Here’s a shot of all the speakers on the author panel, as well as the crowd. There where people standing along all the walls, too. It’s a shame that the 10 panelists plus moderator gave us almost no time to actually talk.
No one else laughed at my opening joke, but I got a pity chuckle from SC Butler. Good lookin’ out, Sam!
My wife Dani teasing and taunting our daughter with chocolate cake. Evil. Now she’ll never eat her mushy peas!
Human tide of nerds. How many times in life can you say you are surrounded by 77,000 people who can all name more than two kinds of kryptonite?
My friend Pete and his daughter Erin. That shirt is priceless. I would get Cassie one, but I don’t want to look like a Johnny-come-lately.

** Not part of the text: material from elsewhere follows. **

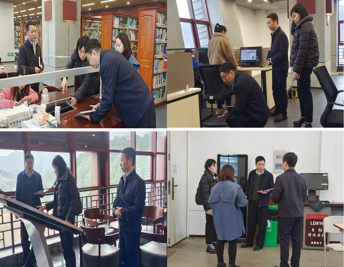程庆副校长首先详细了解图书馆各楼层的硬件设施情况,如:借还书机、查询检索机、电子阅览室设施、自助打印机、手机充电站等设备,详细了解其种类、数量、分布及具体使用情况,针对目前打印机无法使用,手机充电站更新慢等存在的问题,要求图信中心及时与相关部门做好沟通协调,按需升级换代,确保各设备能满足学生的学习需求,为读者提供更好更优质的服务。

Speaking of Miss Cassafrass, here she is in her Supergirl/Batgirl/Wonder Woman Girl Power! shirt, looking aloof and disinterested at my signing. She’s too cool for school, that one.
Some of the 200+ books I signed that weekend.
Jess AKA Batgirl sent me this pic after the con. I was waiting for her friend Supergirl to sent the one I took with her, but she must have been too busy saving Metropolis. Maybe She was hit with some sort of power blast that vaporized her clothes (along with my business card), but left her Kryptonian body unharmed. That seems to happen a lot.
Me and some of my favorite ladies, Lauren and SueMoe.
ALexa takes a comic break after the rigors of riding around the con in her carriage. Hey, I co-created that comic!
What a coincedence.
I cut this fine couple last time because they had suckass Steel Remains badges, and Richard Morgan is a chump for not coming to the con. I put them back this time because they look cool. I think they’re from the Devil May Cry video game, but I might be wrong.
Thor didn’t have any badge at all, because he was a hired actor posing outside the Marvel booth. Bah.
Me and my dad. Look! We have the same nose. Shame I didn’t get his blue eyes. I hear the ladies love that.
More Youngling Jedi action.
What are you, crazy?! Don’t grab the blade of the laser-sword! Where the heck are this kid’s parents?!
Me and my friend Jill. Jill and I went to high school together, and hadn’t seen each other in 18 years. Another facebook reunion.
Wait a minute… High School was 18 years ago? That’s how old I WAS when I graduated. Good lord. I’m 36.
Anyway, I am pointing at her badge, not her boobs.
Hey, just because I’m 36 doesn’t mean I have to act like it. Hanging out with the Bat-Rogues is way better.
As my buddy Matt said, any other year, this picture would have been the highlight of the con. He’s not wrong. Dawn was sexy as hell, and it was really hard to keep eye contact when I was talking to her. I was going to just stand next to her for the pic, but she came in for me to put an arm around her, and who was I to complain?
Not sure if she had platforms on, or if she was just wicked tall.
Me and Robert VS Redick at the Del Rey afterparty. We’re facebook buds, which is nice, because I really have no other author friends, and other folks don’t always understand the madness we all share.
My friend Ting-Wei came up from DC for the con. She always makes me think of the Darkwing Duck theme. When there’s trouble you call TW.
Supersexy Fotini displaying her Warded Man tatt. Hawt.
In other news, there was another great Warded Man review the other day, this on in The Old Bat’s Belfry. Even though my agent described it as “not very quotable”, I think it was one of the better reviews I’ve read, because the reviewer doesn’t feel the need to recap the story and give away all the major plot points like a friggin’ 2nd grade book report. This is a skill the VAST majority of online reviewers would do well to master. Read the book. Talk about the story in general terms, describe what you liked or didn’t about the storytelling style or the overall themes. DO NOT write a bunch of fucking spoilers so that all the surprises in the book are robbed from anyone who reads your review.